Where in the world can I find for free either a sales rep or sales rep agency in Florida? Thanks in advance.


----------



## Comin'OutSwingin (Oct 28, 2005)

Try craigslist.

I've found a couple of decent reps through craigslist.


----------



## peteVA (Nov 11, 2007)

Also do a Google on manufacturers representative and manufacturers agent. You will get some trade organizations and boards where there are listings. I haven't tried lately, but I'm sure you'll find something.


----------



## AECompany (May 11, 2008)

peteVA said:


> Also do a Google on manufacturers representative and manufacturers agent. You will get some trade organizations and boards where there are listings. I haven't tried lately, but I'm sure you'll find something.


 

Thanks. That was some very useful information.


----------



## peteVA (Nov 11, 2007)

That's why I come.

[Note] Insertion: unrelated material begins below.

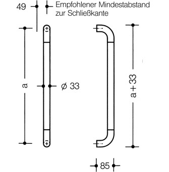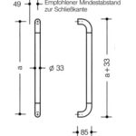 Load bearing capacity under alternating load 100 kg on wooden and metal doors, 50 kg on PVC doors, with 2 fixing points, fixing outside the lock area or within the lock area, as well as fixing through the lock. Straight handle in a curved shape, with straight supports, for mounting on leaf doors, in conjunction with BA5.0 for frame doors, fulfils the handle requirements of the guidelines of the German Federal Association of Accident Insurance Funds (Bundesverband der Unfallkassen e. V. – BUK) – safe distance from the closing edge 25 mm.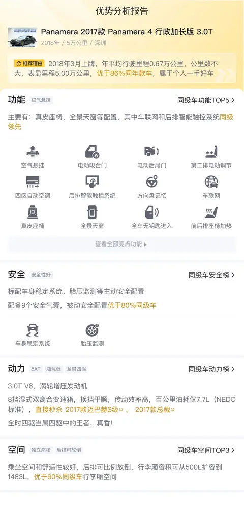 买二手车,配置信息也很重要,这辆Panamera 2017款 Panamera 4 行政加长版 3.0T配备了真皮座椅、全景天窗等配置,其中车联网和后排智能触控系统同级领先。在安全配置上,标配车道偏离预警系统、车身稳定系统、胎压监测等主动安全配置,配备7个安全气囊,被动安全配置优于80%同级车。

Glad to help.


----------



## AECompany (May 11, 2008)

I have come to find out that it is really hard finding a manufacture rep in the apparel industry. I have done numerous goggle searches and most often than not they are in some other type of field. Do any of you guys have any suggested apparel rep that you have used in the past. I would like to show them my products in hope of being represented by them. Thanks.


----------



## peteVA (Nov 11, 2007)

If you could find none there, my next suggestion would be to personally visit some trade shows. There are many reps there. Find some in booths with non-competing goods and give them your card, maybe a sample. 
.


----------



## selectofferings (Aug 15, 2008)

Well i currently own a sales rep company in Utah, there are alot of other reps who have their own showrooms you might want to visit a few showrooms.


----------



## novanutcase (Aug 6, 2008)

There is a book that you can buy that lists pretty much every rep in the U.S. It has a lot of useful information on each rep and tells of what type of clothing they represent and to what types of stores they sell.
Although it is fairly pricy it has a wealth of information and I would imagine that you will eventually need reps across the U.S. so this would be a great reference for you. I'll try and dig up the title or even a link for you.

John


----------



## AECompany (May 11, 2008)

So I found some sales rep, actually tons of sales rep, on infomat.com. However, I'm getting the feeling that they would not be interested in a small no name company like mine. I'm going to still contact a few however. Whats your experience with this?


----------



## AECompany (May 11, 2008)

Since you own a sales rep company. Do you deal with mostly large companies or small up-start? What is the criteria a company needs to fullfill in order for you to represent them?


----------